Edward Durell Stone’s 1964 Gallery of Modern Art, aka “The Lollipop Building”
In the same spot on Columbus Circle, Brad Cloepfil’s Museum of Arts and Design, aka “The ‘H’ Building,” with CNN’s offices behind it and Norman Foster’s Hearst Tower beside it
If all goes according to plan, you can hear my impressions of the new Museum of Arts and Design this morning at about 6:46 a.m. on New York Public Radio, WNYC, 93.9 FM. Or you can listen to me live on the web here, by clicking the red arrow in the lefthand column.
Architect Brad Cloepfil has completely reclad the exterior and reconfigured the interior of the white elephant on Columbus Circle that was famously called “a die-cut Venetian palazzo on lollypops [sic]” by architecture critic Ada Louise Huxtable in her mostly favorable review of the new building in the NY Times on Feb. 25, 1964.
I don’t get to say much about the architecture of the building in my soundbite, so let me say that Cloepfil did not use the front view of the building, above, in the promotional materials that his architectural firm handed out to the press. I assume that’s because he is still steaming about the big horizontal glass gash cut across the ninth floor, which forms the letter “H” that you see in the above photo. This window was added because the museum wanted diners at its new restaurant (opening in March) to enjoy sweeping views.
When I asked him about this window after the recent press preview, Cloepfil fumed through grit teeth:
It was against my intention and it is not my architecture.
But let’s move on to the important stuff: What about those lollipops?
Cloepfil declared:
They’re neutralized. I gessoed them out.
And so he has: They’re mere ghosts of the formerly colorful lozenges that you can see in the top photo. Now they’ve been brought indoors and coated white, and they function more like borders for the distinctively shaped lobby windows than as the attention-getting architectural elements they once were.

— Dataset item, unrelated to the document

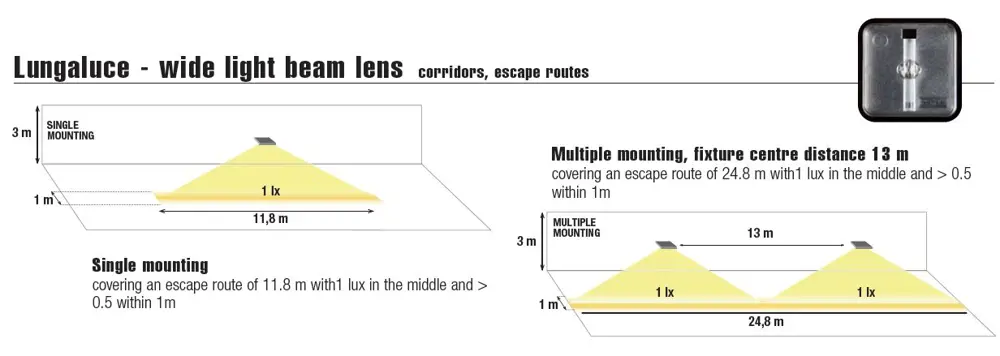 A single luminaire for escape routes up to 12m and for panic areas up to 90sqm. Adjustable autonomy from 1 to 8 hrs.
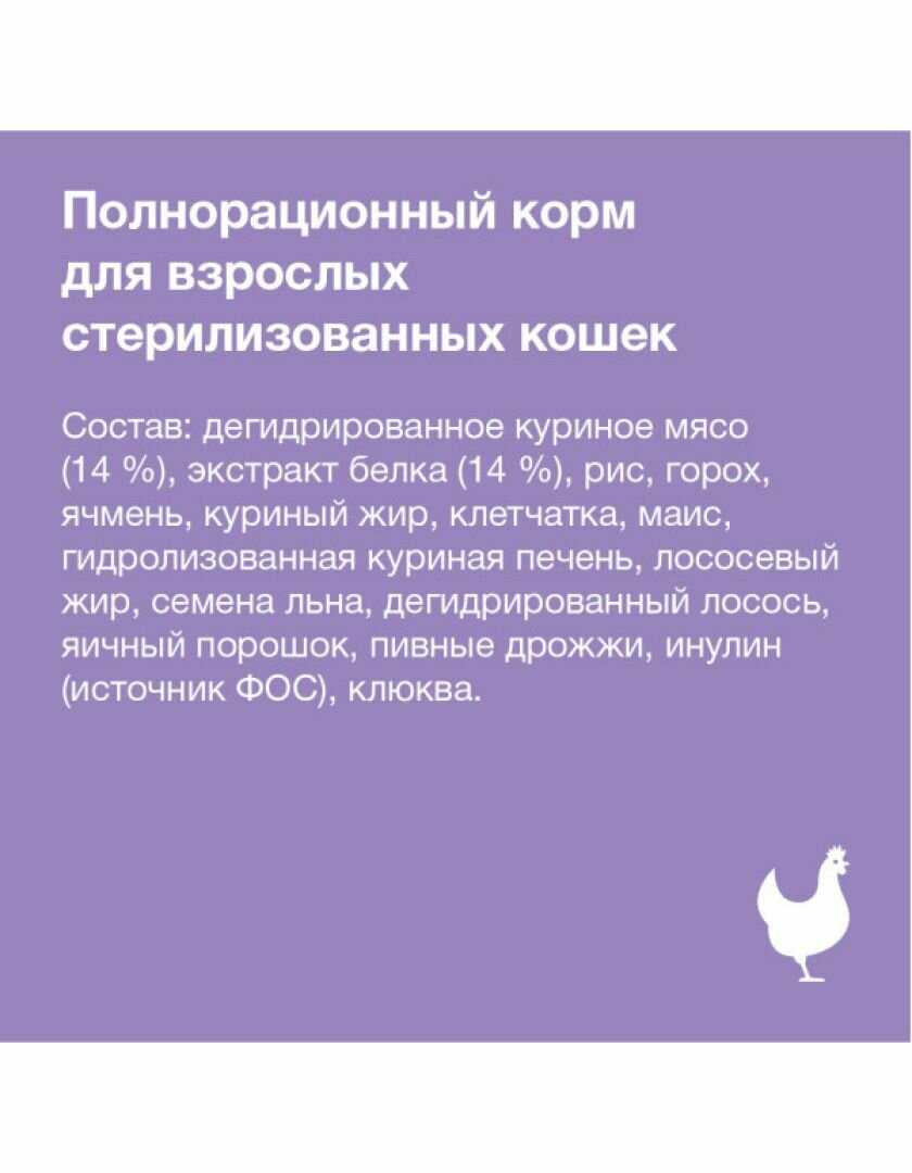 Особые потребности : | для стерилизованных/кастрированных, профилактика избыточного веса |

Here they are, as seen from the lobby:
But what we REALLY all can’t wait to find out is what Ada Louise thinks of this transformation. Her appraisal is to appear on the “Leisure & Arts” page of the Wall Street Journal, but I don’t know when.
Although the official ribbon-cutting by Mayor Bloomberg will occur this morning, the museum doesn’t open to the public until Saturday. But MAD’s shop, with unique or limited edition personal and home adornments by artisans and designers, opens today. I don’t buy much except books in most museum shops (in fact, I’m not much of a shopper at all), but I must confess that I’ve picked up some appealing gifts at the museum’s former 53rd Street location.
I will post on CultureGrrl the podcast for my WNYC musings, if and when that’s available online.